Stored data
== == ==

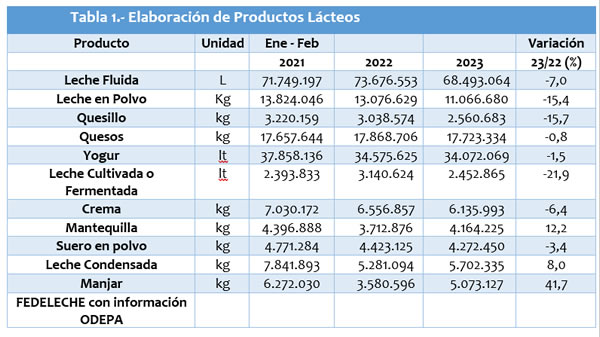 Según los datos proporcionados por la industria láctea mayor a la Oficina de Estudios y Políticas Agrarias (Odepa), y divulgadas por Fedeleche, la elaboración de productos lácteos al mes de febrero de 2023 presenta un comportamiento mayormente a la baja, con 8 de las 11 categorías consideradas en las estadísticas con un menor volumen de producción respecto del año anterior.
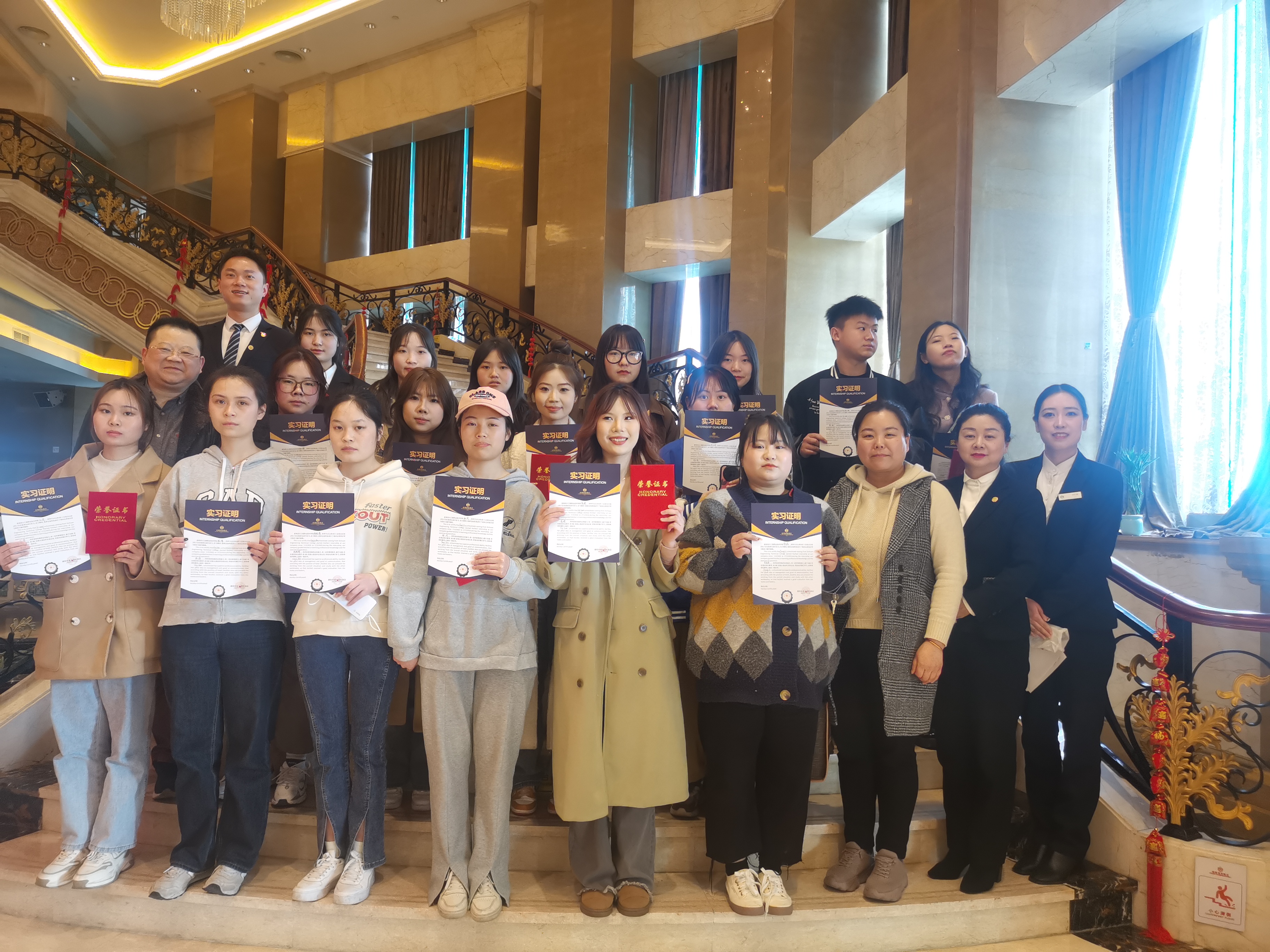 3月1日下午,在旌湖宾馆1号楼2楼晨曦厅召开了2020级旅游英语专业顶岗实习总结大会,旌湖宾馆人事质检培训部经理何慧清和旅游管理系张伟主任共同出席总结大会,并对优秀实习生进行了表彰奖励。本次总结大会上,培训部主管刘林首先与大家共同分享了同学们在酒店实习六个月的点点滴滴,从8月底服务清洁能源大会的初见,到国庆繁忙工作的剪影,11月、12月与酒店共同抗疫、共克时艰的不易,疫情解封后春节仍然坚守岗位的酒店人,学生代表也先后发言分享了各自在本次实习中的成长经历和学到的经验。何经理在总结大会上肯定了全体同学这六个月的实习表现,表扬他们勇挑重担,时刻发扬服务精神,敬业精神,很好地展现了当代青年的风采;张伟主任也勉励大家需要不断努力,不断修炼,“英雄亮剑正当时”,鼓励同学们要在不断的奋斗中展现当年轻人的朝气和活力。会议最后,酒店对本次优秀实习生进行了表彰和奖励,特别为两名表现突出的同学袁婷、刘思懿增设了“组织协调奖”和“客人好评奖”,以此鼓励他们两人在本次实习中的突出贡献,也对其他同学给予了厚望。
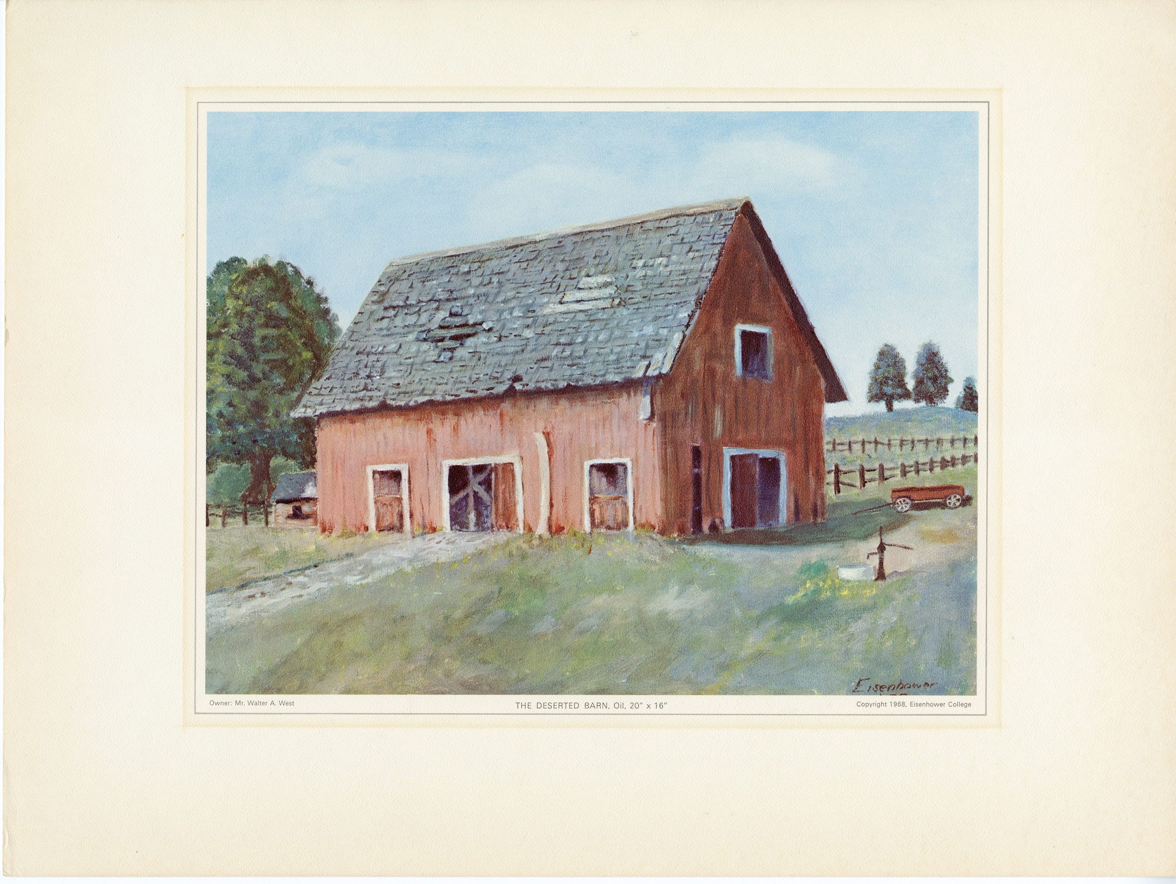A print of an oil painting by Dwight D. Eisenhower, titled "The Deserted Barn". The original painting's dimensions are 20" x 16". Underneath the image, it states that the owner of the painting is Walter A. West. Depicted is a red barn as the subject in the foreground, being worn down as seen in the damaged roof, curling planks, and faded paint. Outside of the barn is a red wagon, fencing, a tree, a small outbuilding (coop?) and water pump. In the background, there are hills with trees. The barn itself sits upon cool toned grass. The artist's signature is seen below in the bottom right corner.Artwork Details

== == ==

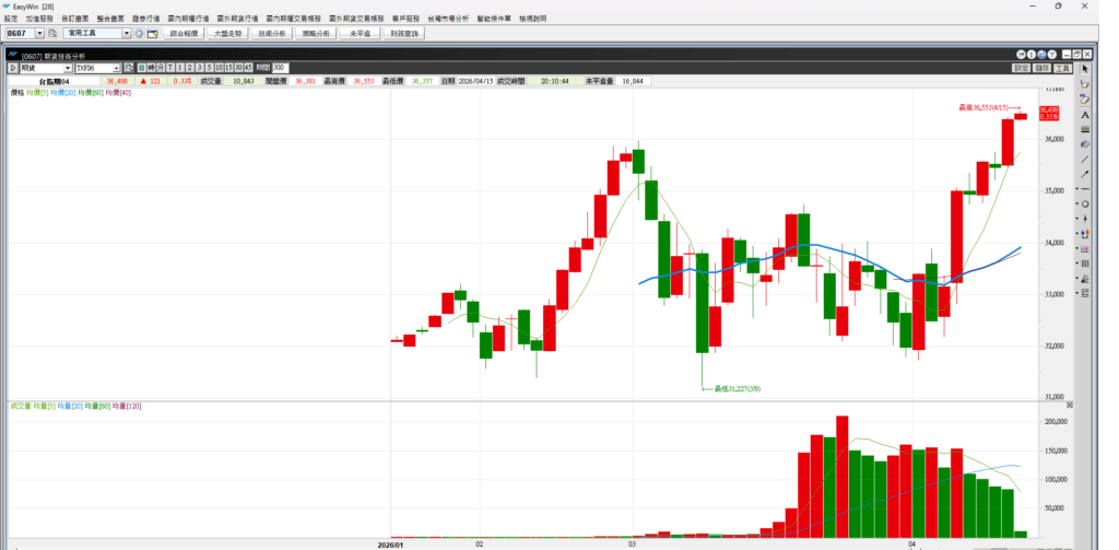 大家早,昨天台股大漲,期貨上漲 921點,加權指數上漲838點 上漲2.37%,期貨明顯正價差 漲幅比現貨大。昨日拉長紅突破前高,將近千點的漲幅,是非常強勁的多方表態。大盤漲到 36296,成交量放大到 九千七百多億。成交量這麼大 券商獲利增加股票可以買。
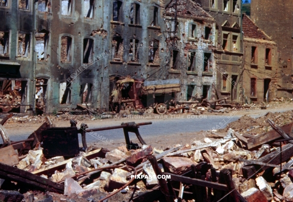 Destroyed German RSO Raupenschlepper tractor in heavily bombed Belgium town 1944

== == ==

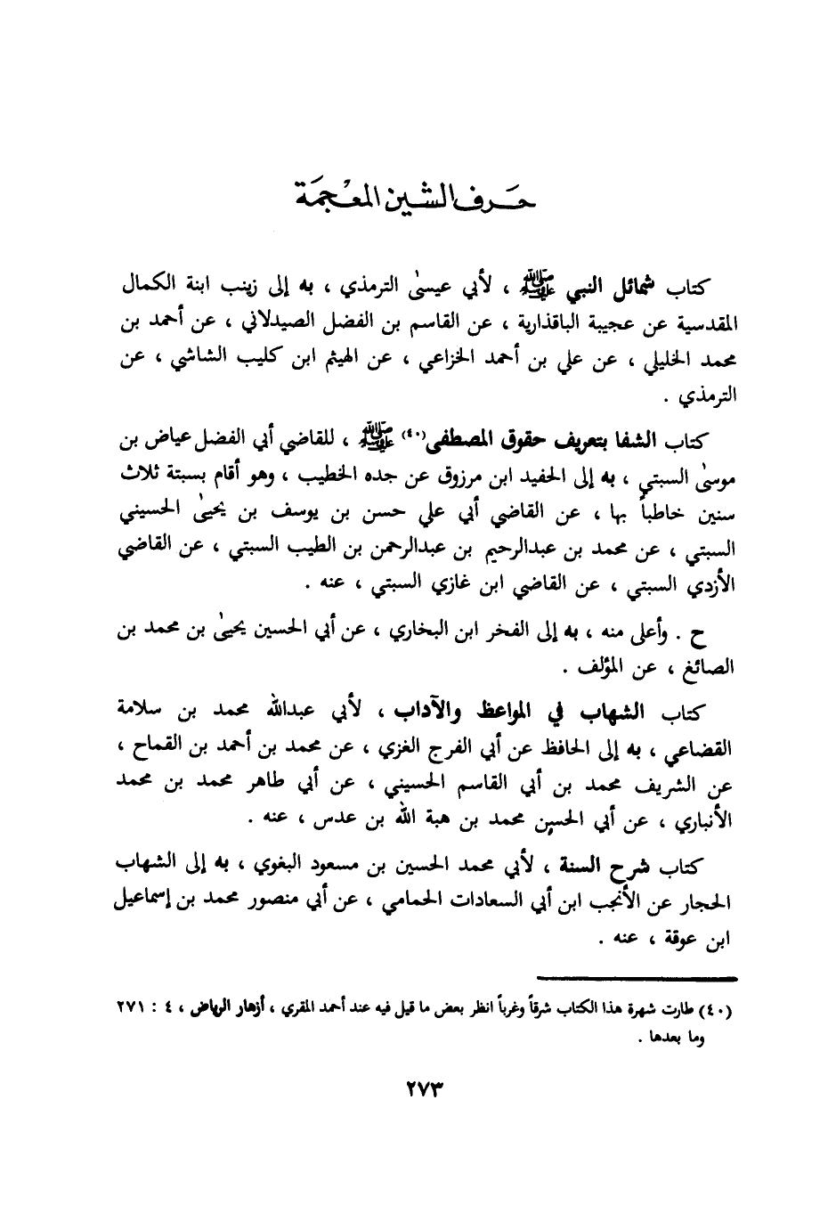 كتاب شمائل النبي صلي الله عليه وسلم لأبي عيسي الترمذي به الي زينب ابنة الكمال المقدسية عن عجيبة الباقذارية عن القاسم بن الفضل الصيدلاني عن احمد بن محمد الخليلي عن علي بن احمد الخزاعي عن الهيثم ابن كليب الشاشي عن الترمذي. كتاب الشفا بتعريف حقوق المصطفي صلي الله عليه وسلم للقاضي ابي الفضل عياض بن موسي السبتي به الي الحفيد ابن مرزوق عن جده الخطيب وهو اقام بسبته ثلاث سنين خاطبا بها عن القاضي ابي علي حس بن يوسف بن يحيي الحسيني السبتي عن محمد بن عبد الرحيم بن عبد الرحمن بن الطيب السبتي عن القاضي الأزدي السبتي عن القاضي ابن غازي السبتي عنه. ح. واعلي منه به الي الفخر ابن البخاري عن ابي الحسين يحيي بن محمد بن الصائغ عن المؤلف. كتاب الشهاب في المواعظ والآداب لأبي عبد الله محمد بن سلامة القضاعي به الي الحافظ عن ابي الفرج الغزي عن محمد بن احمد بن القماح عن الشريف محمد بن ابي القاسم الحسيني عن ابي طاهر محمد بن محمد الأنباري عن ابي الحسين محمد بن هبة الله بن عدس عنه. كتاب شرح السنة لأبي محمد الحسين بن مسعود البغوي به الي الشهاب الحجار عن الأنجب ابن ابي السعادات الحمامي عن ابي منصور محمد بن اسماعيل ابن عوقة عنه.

== == ==

From the records above, quote word for word only the lines beginning at the line that has "Según los datos" and stopping after the line that has "A print of an". Omit the pictures.

 Según los datos proporcionados por la industria láctea mayor a la Oficina de Estudios y Políticas Agrarias (Odepa), y divulgadas por Fedeleche, la elaboración de productos lácteos al mes de febrero de 2023 presenta un comportamiento mayormente a la baja, con 8 de las 11 categorías consideradas en las estadísticas con un menor volumen de producción respecto del año anterior.
 3月1日下午,在旌湖宾馆1号楼2楼晨曦厅召开了2020级旅游英语专业顶岗实习总结大会,旌湖宾馆人事质检培训部经理何慧清和旅游管理系张伟主任共同出席总结大会,并对优秀实习生进行了表彰奖励。本次总结大会上,培训部主管刘林首先与大家共同分享了同学们在酒店实习六个月的点点滴滴,从8月底服务清洁能源大会的初见,到国庆繁忙工作的剪影,11月、12月与酒店共同抗疫、共克时艰的不易,疫情解封后春节仍然坚守岗位的酒店人,学生代表也先后发言分享了各自在本次实习中的成长经历和学到的经验。何经理在总结大会上肯定了全体同学这六个月的实习表现,表扬他们勇挑重担,时刻发扬服务精神,敬业精神,很好地展现了当代青年的风采;张伟主任也勉励大家需要不断努力,不断修炼,“英雄亮剑正当时”,鼓励同学们要在不断的奋斗中展现当年轻人的朝气和活力。会议最后,酒店对本次优秀实习生进行了表彰和奖励,特别为两名表现突出的同学袁婷、刘思懿增设了“组织协调奖”和“客人好评奖”,以此鼓励他们两人在本次实习中的突出贡献,也对其他同学给予了厚望。
A print of an oil painting by Dwight D. Eisenhower, titled "The Deserted Barn". The original painting's dimensions are 20" x 16". Underneath the image, it states that the owner of the painting is Walter A. West. Depicted is a red barn as the subject in the foreground, being worn down as seen in the damaged roof, curling planks, and faded paint. Outside of the barn is a red wagon, fencing, a tree, a small outbuilding (coop?) and water pump. In the background, there are hills with trees. The barn itself sits upon cool toned grass. The artist's signature is seen below in the bottom right corner.Artwork Details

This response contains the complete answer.